A proposal to establish an inventory of fishing vessels on the high seas drawing on the large number of publicly available databases that are currently completely fragmented and difficult to access for forensic purposes.
In addition, the Task Force decided to force the pace on debating how Regional Fisheries Management Organisations should perform. It established an expert panel to develop a ‘model’ for such an organisation which could then become a standard against which regional organisations could benchmark themselves.

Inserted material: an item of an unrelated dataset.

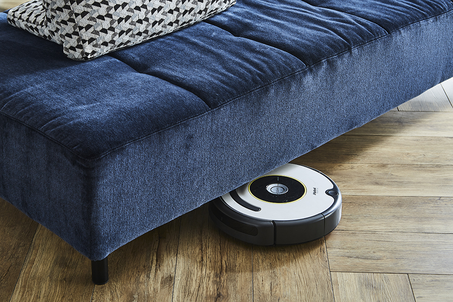 お掃除もストレスフリー 脚の高さは2種類から選べます。どちらもお掃除ロボットが入るスペースが空いているので、ソファの下もスイスイ入れて、毎日清潔に保つことができます。

Will it make a difference?
This is the only question that really matters. The answer is that time will tell. A report like Closing the Net probably has a shelf-life of 12 months to 18 months at the most. It will be up to the Ministers who participated (and, let’s hope, their predecessors) to use their offices to promote their conclusions and encourage wider participation. They will also need to find more resources if their initiatives are to bear fruit. Countries spend, collectively, billions on patrolling their own watery domains. But fish and fishermen aren’t confined by boundaries on ocean maps. Being prepared to spend a couple of million per annum on what happens beyond those magic lines is essential if there is to be a genuinely global response to a global problem. Yes, that expenditure is providing a global public good that in theory should be paid for by all countries. But it isn’t and it won’t be any time soon. Countries that want to take the lead will have to put their money where their good intentions are. If they do, they stand a fair chance of influencing the future shape of global high seas management. If they don’t, it will have been just another report.